- **EXERCISE DIRECTIONS**:
In the entries below, which lines run from the one containing "Город Абу-Даби, Объединенные" to the one containing "Подростковая девушка звонит по телефону"? Copy exactly those lines, ends included, and no others.

- **DATA PROVIDED**:

Segment Open

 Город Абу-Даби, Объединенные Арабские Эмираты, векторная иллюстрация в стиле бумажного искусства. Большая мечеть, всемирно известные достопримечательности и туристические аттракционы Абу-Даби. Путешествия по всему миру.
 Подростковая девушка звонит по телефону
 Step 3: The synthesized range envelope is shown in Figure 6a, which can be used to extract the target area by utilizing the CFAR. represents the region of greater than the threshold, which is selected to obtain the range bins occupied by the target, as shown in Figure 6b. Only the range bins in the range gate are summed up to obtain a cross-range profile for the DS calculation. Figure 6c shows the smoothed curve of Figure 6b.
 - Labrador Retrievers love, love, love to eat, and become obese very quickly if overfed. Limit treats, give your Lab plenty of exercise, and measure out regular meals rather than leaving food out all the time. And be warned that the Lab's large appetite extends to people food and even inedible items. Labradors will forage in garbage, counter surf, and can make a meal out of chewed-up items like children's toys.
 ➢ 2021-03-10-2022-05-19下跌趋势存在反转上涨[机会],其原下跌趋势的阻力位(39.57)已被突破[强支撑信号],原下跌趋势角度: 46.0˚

Segment Closed
Segment Open

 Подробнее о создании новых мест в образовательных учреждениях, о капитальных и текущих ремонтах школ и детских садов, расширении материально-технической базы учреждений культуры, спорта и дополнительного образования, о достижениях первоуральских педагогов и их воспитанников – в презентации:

Segment Closed
Segment Open

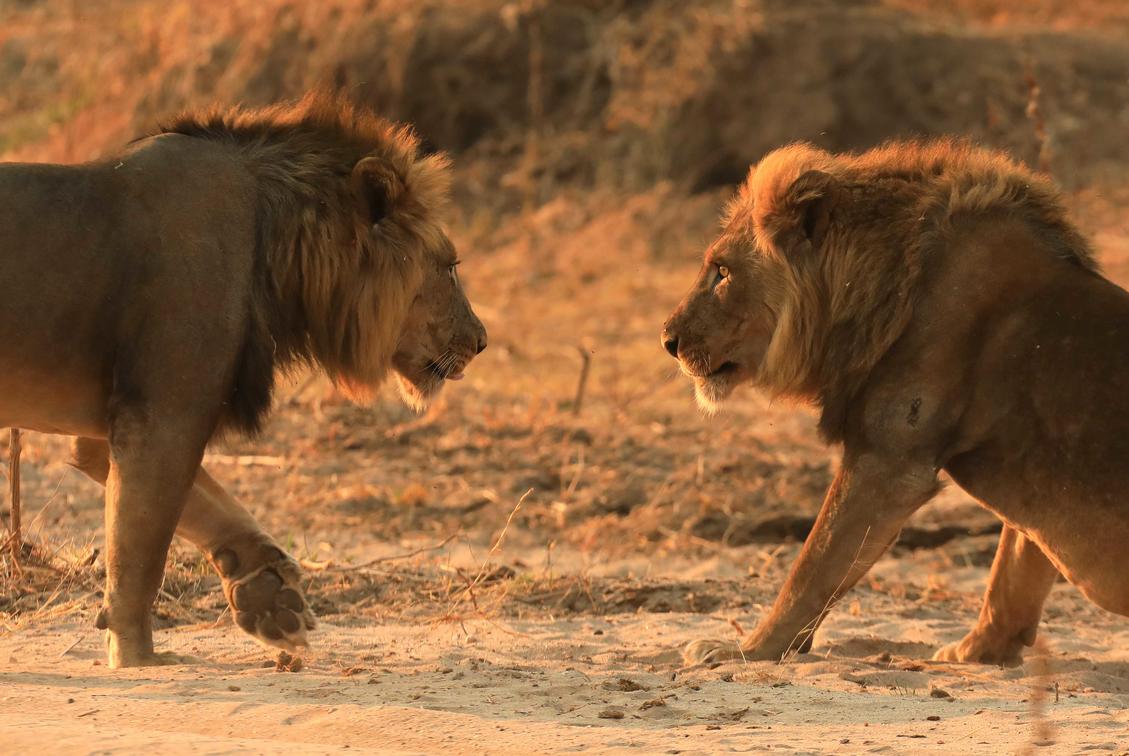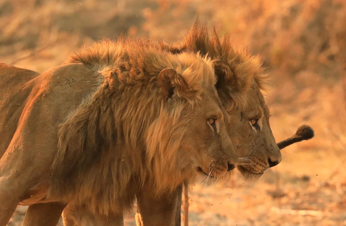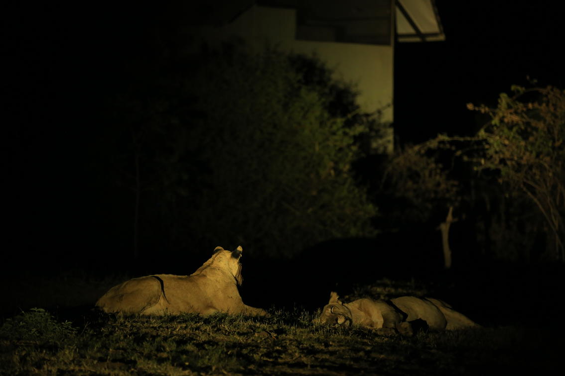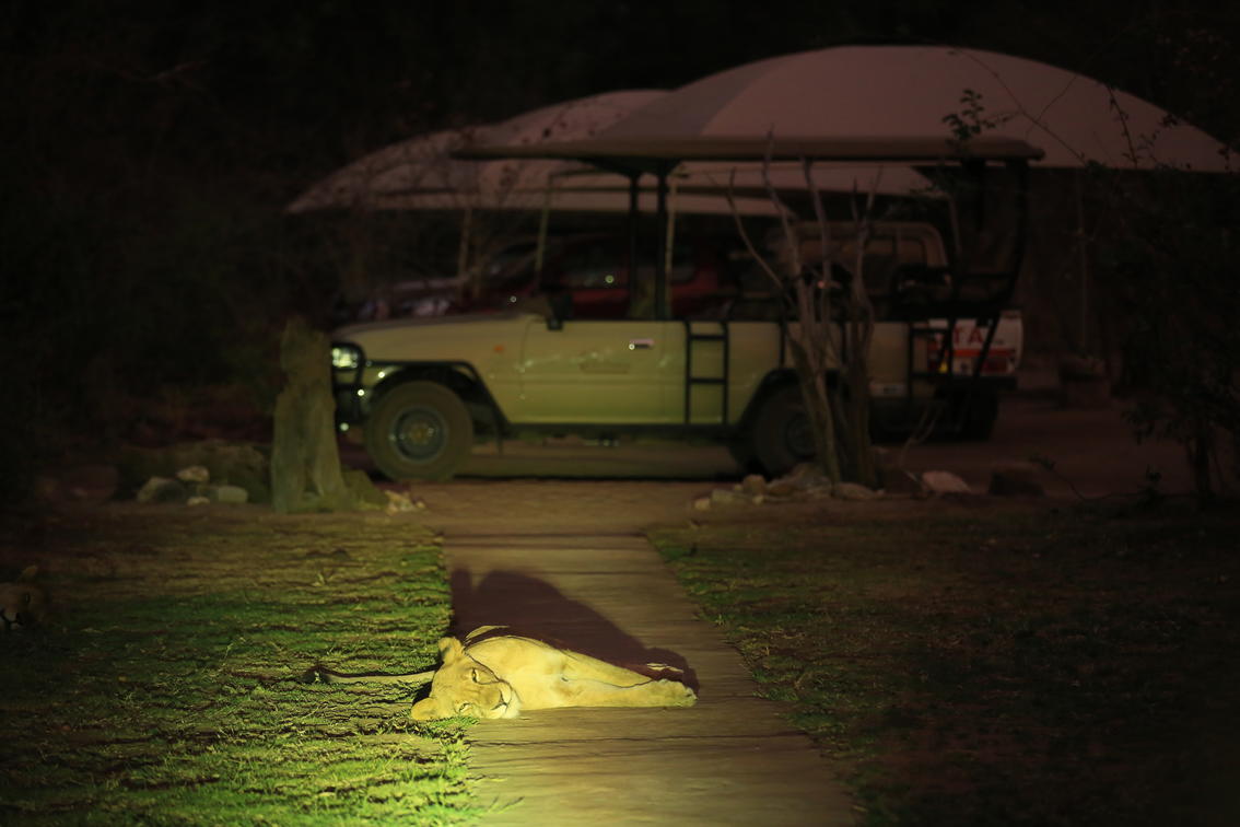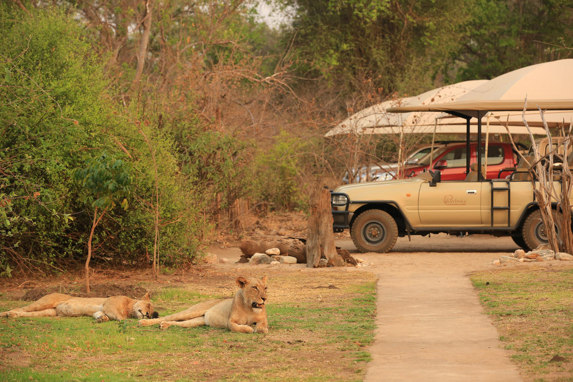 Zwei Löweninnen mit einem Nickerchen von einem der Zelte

Segment Closed

- **RESULT OF THIS EXERCISE**:
 Город Абу-Даби, Объединенные Арабские Эмираты, векторная иллюстрация в стиле бумажного искусства. Большая мечеть, всемирно известные достопримечательности и туристические аттракционы Абу-Даби. Путешествия по всему миру.
 Подростковая девушка звонит по телефону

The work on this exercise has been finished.